**WHAT YOU NEED TO DO**
Once the line holding "お口の機能が衰えると、負の連鎖が起こりやすくなります。" is written out, stop; begin at the first line of the material below and retype exactly, dropping pictures.

**DATA BLOCK**
********************
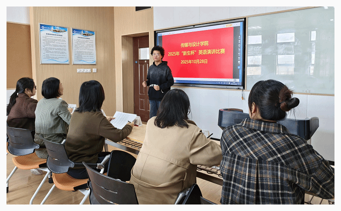 2025年10月28日下午,传媒与设计学院2025年度“新生杯”英语演讲比赛在6510教室隆重举行。这场专为新生量身打造的语言盛宴,不仅点燃了同学们探索英语世界的热忱,更致力于锤炼学生的英语口语表达精度与逻辑思辨深度,为怀揣梦想的新生们搭建起一个展示自我风采、突破成长边界的平台。
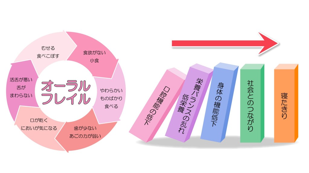 お口の機能が衰えると、負の連鎖が起こりやすくなります。
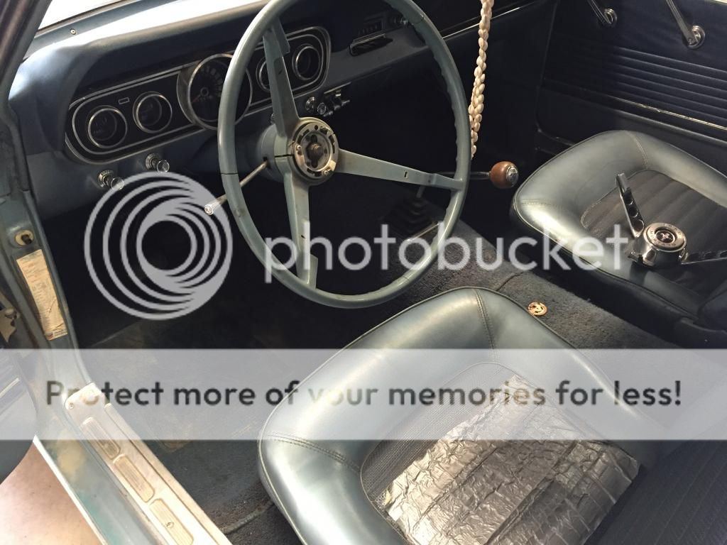 Price: $5500 Description: I bought this '66 Mustang from a long time friend to help her out. I just have too many cars at the ranch now so I need to thin the herd a bit. My friend got this car on her 16th birthday and gave it to her aunt in the early '70s when she moved to California. The car has a clear Colorado title from the '70s. It's awesome. The car is originally a Brittany Blue car with blue interior. It has one paint job on top of the original which has a nice, even patina all over. She says she hit something in Colorado State's parking lot at damaged the right door. Her dad had it fixed and the whole car painted. The only repair or filler in the entire car is in that right door. It's in the bottom, front corner of that panel. The right fender is original and untouched. All of the panels are original to this car. The floors, trunk, cowl, rear window, sills, lower fender edges, and lower quarters are rust free. I cannot find any corrosion on this car. The torque boxes are perfect and the shock towers are mint. It's got 107K original miles and her father demanded it be stored in the garage during winter seasons so that probably saved the car. The car has a 200 inch six and a three speed on the floor. It's got the 7.5 inch diff, power steering, and power brakes. The car does run, but it's missing the ignition switch. I jumped the coil to the battery, put fuel in it and lit it up. The carb needs a rebuild as I think it's full of old fuel and varnish goo. I bought a carb kit, ignition cylinder, and fuel pump for it yesterday. I'm confident that will get this car moveable under it's own power again. I ran it through the gears at idle on jack stands and everything functions. This car has been in storage since 1980 so it's a bit of a time capsule. I'd like to get my money out of it aside from the parts I bought and my time. $5400 http://i394.photobucket.com/albums/p...psb03e7d62.jpg http://i394.photobucket.com/albums/p...psed31e26b.jpg http://i394.photobucket.com/albums/p...psffd534cf.jpg http://i394.photobucket.com/albums/p...ps78251409.jpg http://i394.photobucket.com/albums/p...ps84b10948.jpg http://i394.photobucket.com/albums/p...psedbf40c1.jpg http://i394.photobucket.com/albums/p...psfb8ed86b.jpg http://i394.photobucket.com/albums/p...psbb14efac.jpg http://i394.photobucket.com/albums/p...ps166b94fd.jpg |
********************
**COMPLETED EXERCISE**
 2025年10月28日下午,传媒与设计学院2025年度“新生杯”英语演讲比赛在6510教室隆重举行。这场专为新生量身打造的语言盛宴,不仅点燃了同学们探索英语世界的热忱,更致力于锤炼学生的英语口语表达精度与逻辑思辨深度,为怀揣梦想的新生们搭建起一个展示自我风采、突破成长边界的平台。
 お口の機能が衰えると、負の連鎖が起こりやすくなります。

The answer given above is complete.